The appeals system itself is an example of formal justice, because of the way it is structured. If a person is found guilty (or liable) in the courts, there is a structured route of appeals, which include their own courts (the court of appeal, the house of lords). However, the right to appeal is not automatic, as the defendant must prove that there was a procedural inaccuracy or if new evidence has arisen. “Miscarriages of justice” in criminal cases are seen in the media if they occur, and only recently the case of R v Downing was a prime example of a miscarriage of justice where the defendant had spent 28 years in jail, primarily because he would not show remorse for the crime he allegedly committed. He was convicted of the murder of a typist who was murdered in Bakewell, he was only 17 and he had been arrested after discovering her body in a cemetery where he worked as a gravedigger.
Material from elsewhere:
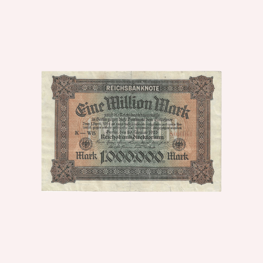 Descubra un fragmento de la historia económica mundial con este auténtico billete de un millón de marcos alemanes de 1923, emitido durante el alarmante periodo de hiperinflación en la República de Weimar. Esta pieza representa una época singular en la que el valor del dinero llegó a niveles inesperados, marcando un evento clave en la historia monetaria mundial y ofreciendo un fascinante vistazo al impacto económico y social de la inflación descontrolada.

When Downing was convicted he had a mental age of roughly 11. His conviction was declared unsafe, yet it took 28 years to reach the consideration even though there were considerable doubts in the original trial.
As a result of the Police and Criminal evidence act, there should be fewer convictions being declared unsafe, but even still, the fact that convictions are still declared unsafe still justify the need for an appeal process where a person may be denied their liberty.
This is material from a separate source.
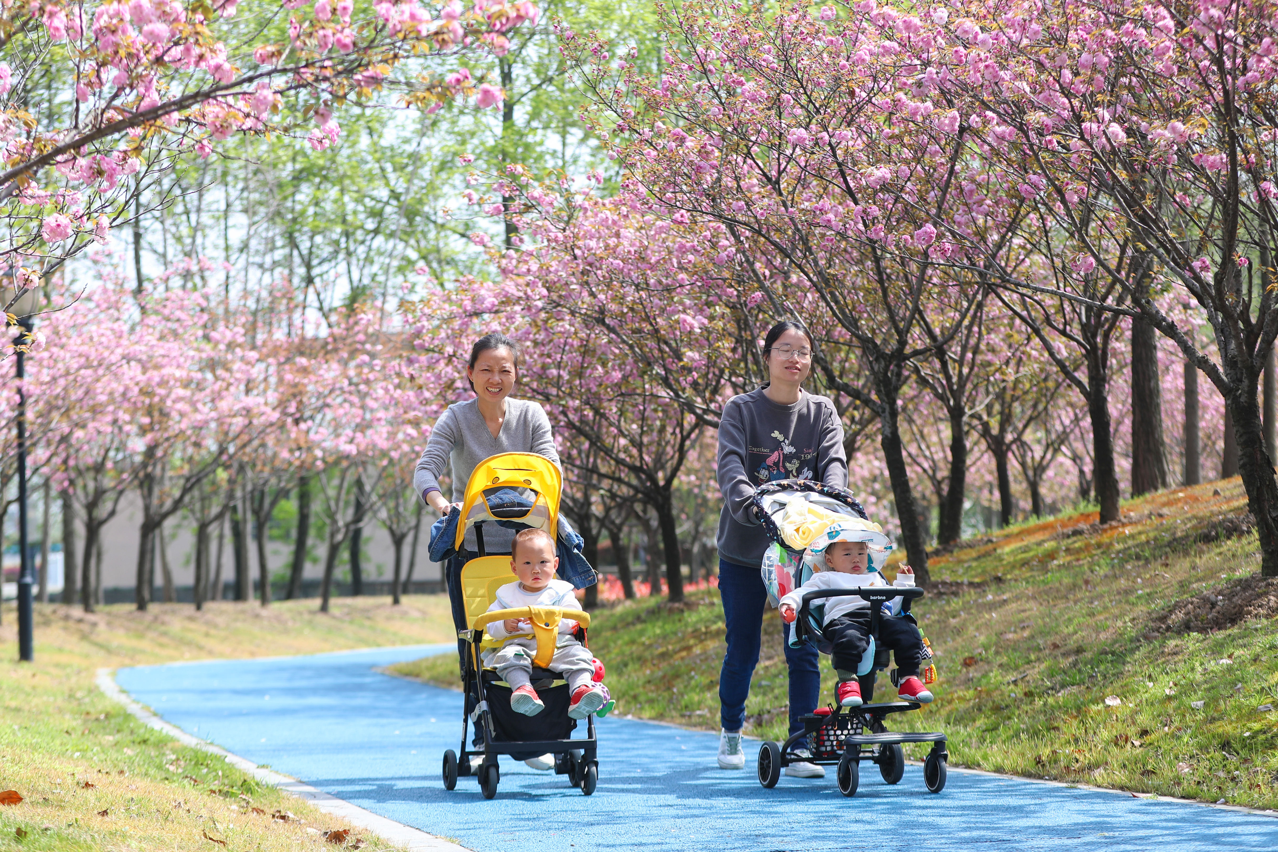 ↑2022年3月29日,在浙江省湖州市德清县武康街道英溪公园,市民在散步踏春,欣赏美景。CICPHOTO/蔡俊 摄

In the criminal justice system some of the fundamentals of the system are the presumption of innocence, the use of juries in trial in the Crown Court, the prosecution having to prove the defendant guilty beyond reasonable doubt, the right of a defendant to remain silent during questioning and trial, and the direction of the judge in order to ensure the rules of evidence are followed. Yet there are various famous cases where miscarriages of justice have occurred, such as the numbers cases, R v Ward, Stephen Kiszko where, in all of these cases, the police fabricated evidence and false confessions were obtained as a result of duress. It has been suggested that PACE has fought those miscarriages, yet the Prevention of Terrorism Act excludes many of the safeguards for suspects held under the Act.
Michael Mansfield QC suggests that out accusatorial system should be replaced up to the point of trial with an inquisitorial system to ensure the investigation by the police was properly conducted and supervised by a Judge, as in France. Above all, the fundamental principle of the presumption of innocence and the right to silence should operate to ensure a fair trial. Failings will always occur, but an independent review body should rectify these.
This independent review body is the Criminal Cases Review Commission. The CCRC is the independent public body set up to investigate possible miscarriages of justice in England, Wales and Northern Ireland. The Commission assesses whether convictions or sentences should be referred to a court of appeal. This body ensures that we maintain the aim of achieving justice by assessing any case brought to them to see whether a possible miscarriage of justice has occurred.
In conclusion, the relationship between law and justice is not a perfect one, but it is much better than those in other countries. The legal system in England does still contain flaws, such as miscarriages of justice or perverse verdicts (R v Owen) but there are systems in place in order to ensure that any miscarriage of justice that does happen is rectified as soon as is possible, and also there are systems in order to prevent them happening in the first place.